Stored items from a collection
**********

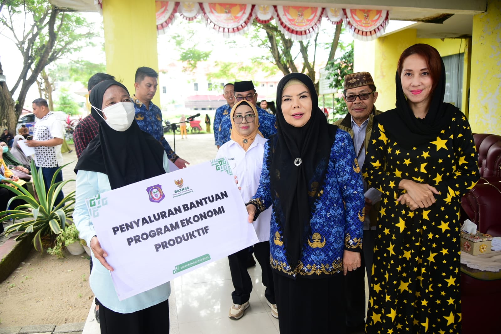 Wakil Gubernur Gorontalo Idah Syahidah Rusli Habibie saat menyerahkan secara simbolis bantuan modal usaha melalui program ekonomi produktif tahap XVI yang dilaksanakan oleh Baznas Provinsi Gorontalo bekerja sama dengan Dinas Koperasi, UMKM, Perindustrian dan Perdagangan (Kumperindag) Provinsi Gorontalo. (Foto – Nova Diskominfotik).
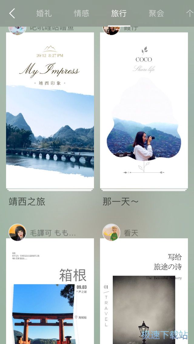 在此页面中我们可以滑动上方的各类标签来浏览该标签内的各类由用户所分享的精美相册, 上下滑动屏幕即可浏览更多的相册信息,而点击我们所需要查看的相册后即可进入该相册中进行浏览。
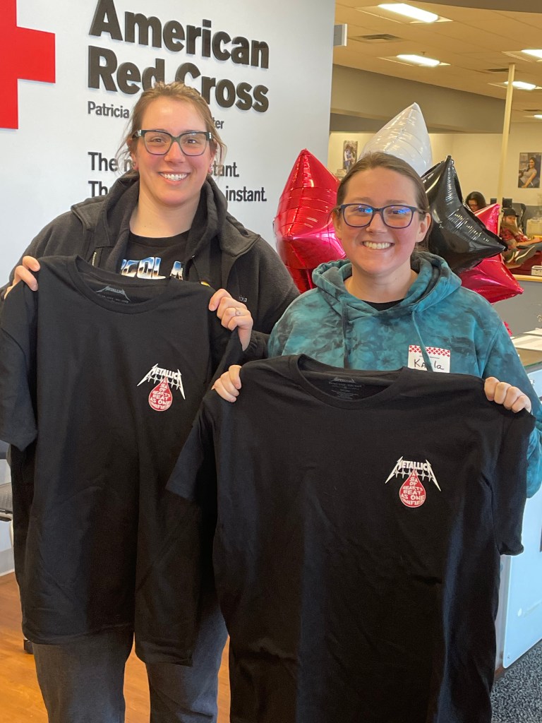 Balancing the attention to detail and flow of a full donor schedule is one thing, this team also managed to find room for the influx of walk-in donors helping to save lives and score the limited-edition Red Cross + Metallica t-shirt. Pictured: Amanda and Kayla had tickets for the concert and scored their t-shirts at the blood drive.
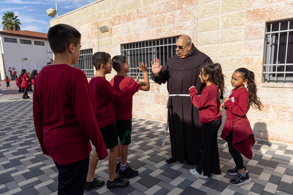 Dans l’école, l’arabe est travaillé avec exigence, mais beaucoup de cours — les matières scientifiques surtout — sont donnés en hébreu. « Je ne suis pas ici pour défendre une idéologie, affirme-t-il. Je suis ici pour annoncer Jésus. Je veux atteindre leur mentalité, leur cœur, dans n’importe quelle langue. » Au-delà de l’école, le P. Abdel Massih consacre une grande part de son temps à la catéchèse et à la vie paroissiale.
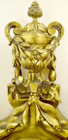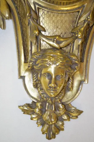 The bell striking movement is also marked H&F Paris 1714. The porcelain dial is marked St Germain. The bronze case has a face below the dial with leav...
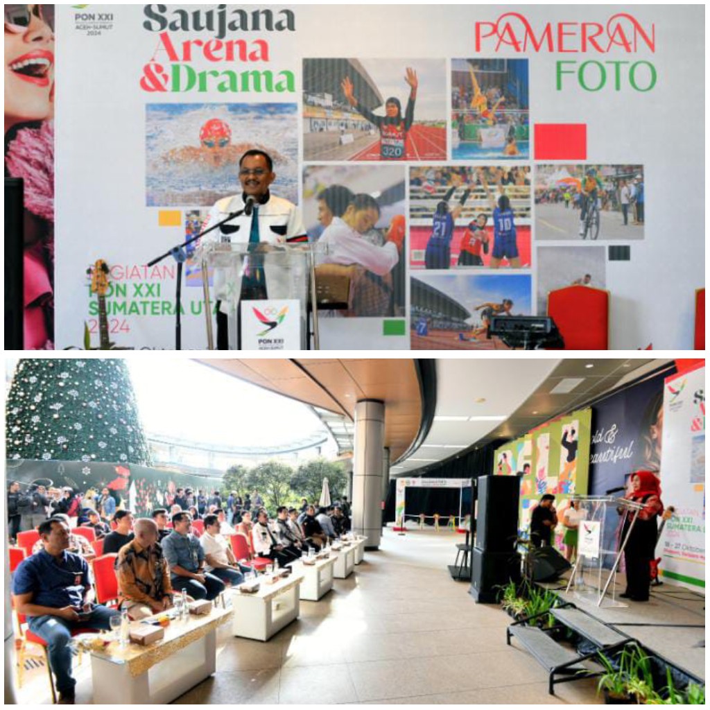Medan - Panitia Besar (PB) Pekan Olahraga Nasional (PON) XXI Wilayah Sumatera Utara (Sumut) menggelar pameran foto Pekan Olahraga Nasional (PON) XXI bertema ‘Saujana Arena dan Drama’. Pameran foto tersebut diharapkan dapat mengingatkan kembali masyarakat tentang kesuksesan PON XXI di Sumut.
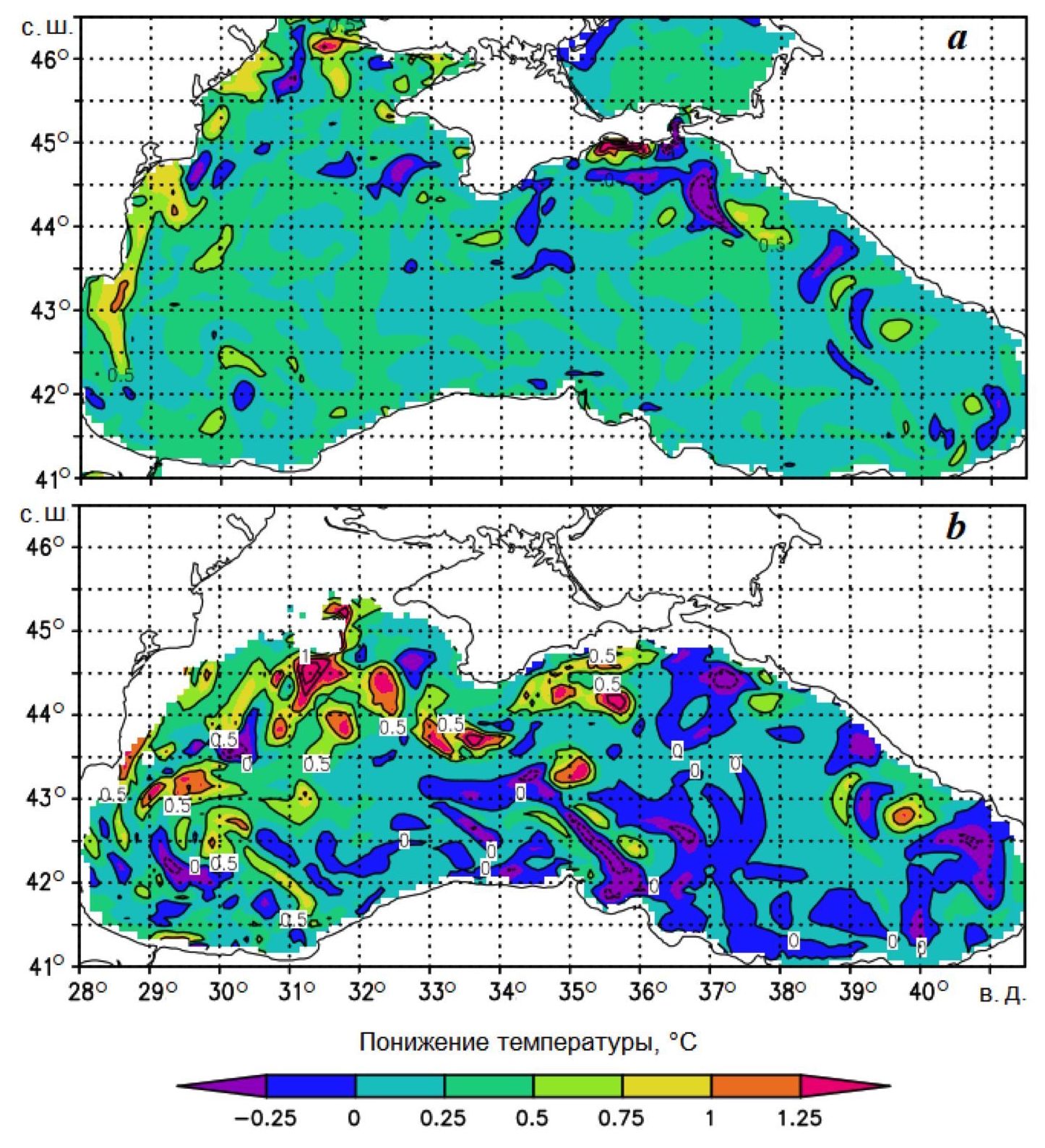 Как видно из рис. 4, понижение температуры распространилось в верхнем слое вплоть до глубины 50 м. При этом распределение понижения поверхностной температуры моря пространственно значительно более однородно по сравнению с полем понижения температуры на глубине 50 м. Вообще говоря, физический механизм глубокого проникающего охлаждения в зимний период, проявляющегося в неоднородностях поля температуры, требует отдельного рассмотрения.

**********

Work to complete
In the entries above, which lines run from the one with "在此页面中我们可以滑动上方的" up to and including the one with "Dans l’école, l’arabe"? Write them out exactly, without the pictures.

Exercise answer
 在此页面中我们可以滑动上方的各类标签来浏览该标签内的各类由用户所分享的精美相册, 上下滑动屏幕即可浏览更多的相册信息,而点击我们所需要查看的相册后即可进入该相册中进行浏览。
 Balancing the attention to detail and flow of a full donor schedule is one thing, this team also managed to find room for the influx of walk-in donors helping to save lives and score the limited-edition Red Cross + Metallica t-shirt. Pictured: Amanda and Kayla had tickets for the concert and scored their t-shirts at the blood drive.
 Dans l’école, l’arabe est travaillé avec exigence, mais beaucoup de cours — les matières scientifiques surtout — sont donnés en hébreu. « Je ne suis pas ici pour défendre une idéologie, affirme-t-il. Je suis ici pour annoncer Jésus. Je veux atteindre leur mentalité, leur cœur, dans n’importe quelle langue. » Au-delà de l’école, le P. Abdel Massih consacre une grande part de son temps à la catéchèse et à la vie paroissiale.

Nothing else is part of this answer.